Fossils, Moon Stones, and particular Pokémon are not respected as part of a place, but treated as resources to be extracted.

The wound is:

When value becomes possession, wonder transforms into plunder.

Local Conflict

Mt. Moon is contested between:

  • researchers;
  • hikers;
  • miners;
  • collectors;
  • Trainers;
  • Team Rocket;
  • Pokémon that inhabit the mountain.

The central conflict:

Should what is hidden in the mountain be discovered, protected, studied, or taken?

Team Rocket

Team Rocket here must be concrete, but still at an operational level.

There’s no need to reveal large plans.

Possible objectives:

  • steal fossils;
  • traffic Moon Stones;
  • capture rare Pokémon;
  • intimidate researchers;
  • create unauthorized passages;
  • collect biological samples for unknown buyers.

The important thing is that the player understands:

Rocket does not steal only for generic greed. Rocket follows value.

Connection with the Macro-plot

Mt. Moon can introduce threads that will return later:

  • interest in fossils → Pewter City / Cinnabar;
  • biological samples → Silph / genetic research;
  • black market → Celadon City;
  • hidden trafficking → Vermilion City;
  • exploitation of rare Pokémon → Fuchsia City.

Mt. Moon is the first visible node of the network.

Red

For Red, Mt. Moon is the first encounter with a harsher reality.

Until now, the journey could still seem like an adventure. Here Red sees that the world of Trainers also produces predation, the black market, and violence.

It is the first point where the question changes:

Does being strong serve only to win, or also to stop those who exploit?

Blue

Blue can traverse Mt. Moon in a different way.

Possible approaches:

  • arrives before Red and minimizes Rocket;
  • says Red is wasting time helping researchers;
  • focuses on fossils as rare objects;
  • fights Rocket but only because they get in his way.
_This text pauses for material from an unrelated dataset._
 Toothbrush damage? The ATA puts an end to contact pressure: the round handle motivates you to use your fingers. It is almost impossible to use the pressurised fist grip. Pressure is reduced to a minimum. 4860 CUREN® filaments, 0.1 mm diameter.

Blue must not be evil, but must reveal a difference:

For Blue, Rocket is an obstacle. For Red, Rocket is a symptom.

Pokémon

The Pokémon of Mt. Moon must make the place feel like a habitat.

Examples:

  • Zubat disturbed by light and noise;
  • Clefairy associated with more sacred or silent areas;
  • Geodude and Paras in humid or rocky areas;
  • Pokémon that avoid areas where Rocket has dug;
  • traces of altered habitats.

Possible Key Event

Red finds Rocket forcing a researcher to hand over a fossil.
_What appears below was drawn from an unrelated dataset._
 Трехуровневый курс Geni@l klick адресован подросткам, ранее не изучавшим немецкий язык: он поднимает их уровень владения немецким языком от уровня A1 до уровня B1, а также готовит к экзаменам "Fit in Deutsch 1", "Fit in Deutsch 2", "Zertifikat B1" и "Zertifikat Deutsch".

The fossil can become a symbolic choice:

  • who keeps it?
  • the museum?
  • the researcher?
  • Red?
  • is it shared?
  • is it protected?

The decision does not necessarily have to be a heavy branching choice, but it must make it felt that the fossil is not just loot.

Key NPCs

  • A researcher from the Pewter Museum.
  • A local miner.
  • A Rocket operative.
  • A Trainer attracted by Moon Stones.
  • A lost hiker.
  • A child or young student who idealized discovery and now sees plunder.
  • A rare Pokémon disturbed by excavations.

Local Question

Does that which is rare deserve respect or conquest?

What Red Learns

Red learns that value can corrupt the gaze.
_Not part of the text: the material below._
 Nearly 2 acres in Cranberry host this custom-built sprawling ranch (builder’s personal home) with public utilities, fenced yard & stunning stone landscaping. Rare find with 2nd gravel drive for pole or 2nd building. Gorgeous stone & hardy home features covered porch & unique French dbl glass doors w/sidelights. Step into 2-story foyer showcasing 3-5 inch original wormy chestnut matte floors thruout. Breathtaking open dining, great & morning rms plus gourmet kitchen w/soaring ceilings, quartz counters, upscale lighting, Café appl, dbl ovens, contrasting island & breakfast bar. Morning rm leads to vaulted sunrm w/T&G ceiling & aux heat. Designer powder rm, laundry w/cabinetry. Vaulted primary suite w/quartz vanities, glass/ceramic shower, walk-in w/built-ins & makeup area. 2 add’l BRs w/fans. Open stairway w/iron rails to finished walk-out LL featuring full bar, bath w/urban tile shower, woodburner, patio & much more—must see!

A rare Pokémon, a fossil, or a stone can be wonder, memory, relationship, study. But they can also become commodity, trophy, and power.

Possible Change

After Red’s intervention:

  • some illegal passages are closed;
  • researchers thank Red;
  • the Pewter Museum updates an exhibition;
  • the Pokémon of the cave return less agitated;
  • however, the feeling remains that Rocket is only part of something bigger.

Key Phrase

Mt. Moon teaches Red that not everything that can be found should be taken.